S’APPELAIT-IL VRAIMENT E ?

Le soleil frappe lourdement l’homme qui marche seul.

Pourtant, voilà quelques minutes, il se trouvait encore entouré d’une multitude d’individus variés et divers, noirs et blancs, grands ou petits, de citadins pressés qui l’évitaient et de congénères fatigués qui l’ignoraient. Il s’y trouvait et pourtant, personne ne le cherchait.

Quelques secondes avant cela, il était chez lui entouré d’enfants braillards et d’une épouse dépassée par des événements qui n’avaient rien d’exaltant, mais tout d’exaspérant. Etait-il déjà mourant, que ses enfants, ainsi, l’entouraient de leur «affection»?

L’historien, s’il s’intéressait à l’homme qui marche seul (hypothèse peu probable, les historiens ayant tendance à retracer les vies des têtes couronnées plutôt que celles des chômeurs en fin de droit !), remonterait quelques instants plus tôt et raconterait l’histoire d’un travailleur dévoué à sa tâche dans une entreprise en restructuration, que son patron invite à passer dans un froid et clinique bureau où il est prestement informé d’un proche et dramatique licenciement.
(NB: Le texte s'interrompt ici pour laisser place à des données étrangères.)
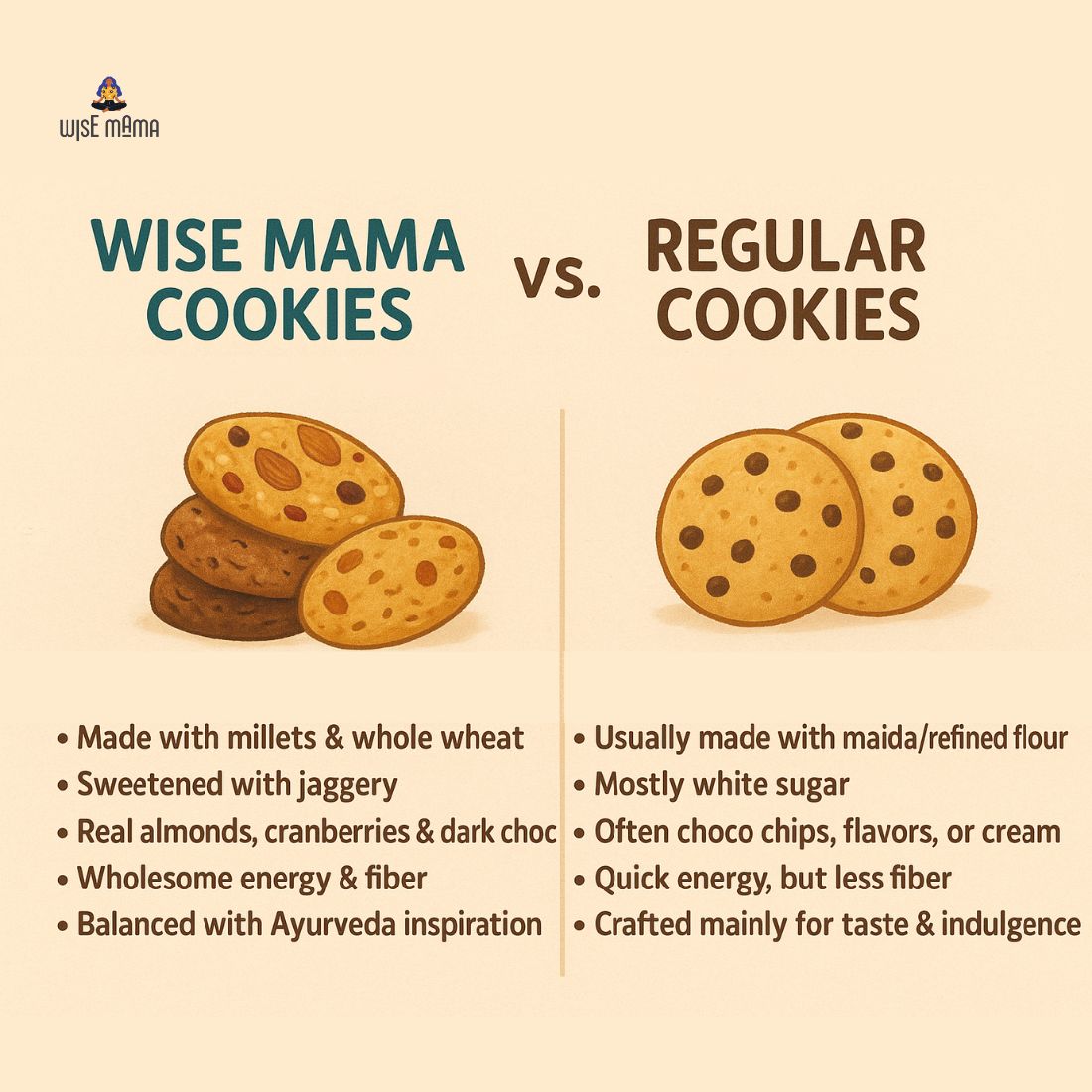 At Wise Mama, we know the cookie struggle — you crave a buttery, crunchy cookie, but don’t want the guilt of maida, refined sugar, or palm oil.

Se plongeant dans un passé plus lointain, l’historien verrait un homme travaillant tant et plus pour gagner tant et moins, un ouvrier, devenu ressources humaines, puis capital humain. Chaque nouvelle appellation s’accompagnait d’un nouveau statut, davantage «politiquement correct», mais nettement moins économiquement avantageux. D’ailleurs avant même de perdre son emploi, l’homme avait perdu de son salaire, puis de son pouvoir d’achat et, donc, de son pouvoir tout court (qui courut tant et vite que l’homme l’égara, le perdit, l’oublia).

Mais foin de détails inutiles, l’homme marche seul, quels que furent ses modestes exploits avérés, il marche seul et voilà l’important, l’essentiel, l’inéluctable, la révélation d’une pauvreté d’humains.
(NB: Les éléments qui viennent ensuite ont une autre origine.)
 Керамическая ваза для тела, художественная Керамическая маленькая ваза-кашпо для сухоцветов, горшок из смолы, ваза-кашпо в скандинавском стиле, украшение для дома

Qu’il tourne le regard vers la gauche ou la droite, vers ses pas dans le sable ou ses pas à venir, qu’il scrute un ciel bleu de désolation ou baisse vers le sol des yeux qui le sont autant, il ne voit rien.
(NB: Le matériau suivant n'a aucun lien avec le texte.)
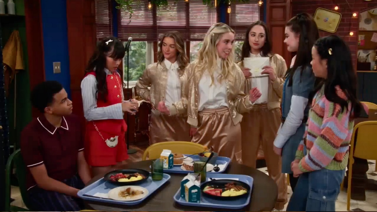 Wilson Hall Academy is buzzing when The Spotlights — a glittering all-girls club known for their matching gold outfits — make a rare appearance in the commissary. Joining the club would allow Vee (Kenzi Richardson) and Sophie (Jiwon Lee) to connect with their idol, Millie Eyelash, who was part of the sisterhood during her time as a student. Britney (Faith Hedley) is starstruck when the group looks her way. The leader, Megan (Jenna Davis), offers her an invitation to their meet and greet, the first step in the initiation process. As the First Year to Watch winners, Vee and Sophie also get invites. Britney warns them that not every First Year to Watch winner makes it in.

A perte de vie, il n’aperçoit qu’une seule et unique chose dans cet océan de vide qu’est devenue sa vie : un énorme bouton rouge placé au milieu de rien par une main invisible et potentiellement inexistante, un énorme bouton rouge en forme de champignon. L’homme voit davantage le champignon que le bouton; un bouton, après tout, ne se mange pas.

Avant de découvrir ce que l’homme qui marche seul fera du bouton et du champignon, revenons au trait de caractère qui, aujourd’hui, le définit plus que tous les autres réunis. L’homme qui marche seul n’est, en effet, pas tant debout, ni fort, ni beau, ni rayonnant, ni intéressant, ni performant, ni sollicité, ni envié, ni jalousé, ni aimé, ni même assisté ou engagé dans un parcours d’insertion, l’homme qui marche seul est principalement, essentiellement, fondamentalement SEUL. Voilà ce qui le fonde, ce qui l’anime, ce qui le définit : sa solitude. L’homme est d’ailleurs conscient de cette vérité absolue : il est d’autant plus seul qu’un seul qualificatif lui suffit.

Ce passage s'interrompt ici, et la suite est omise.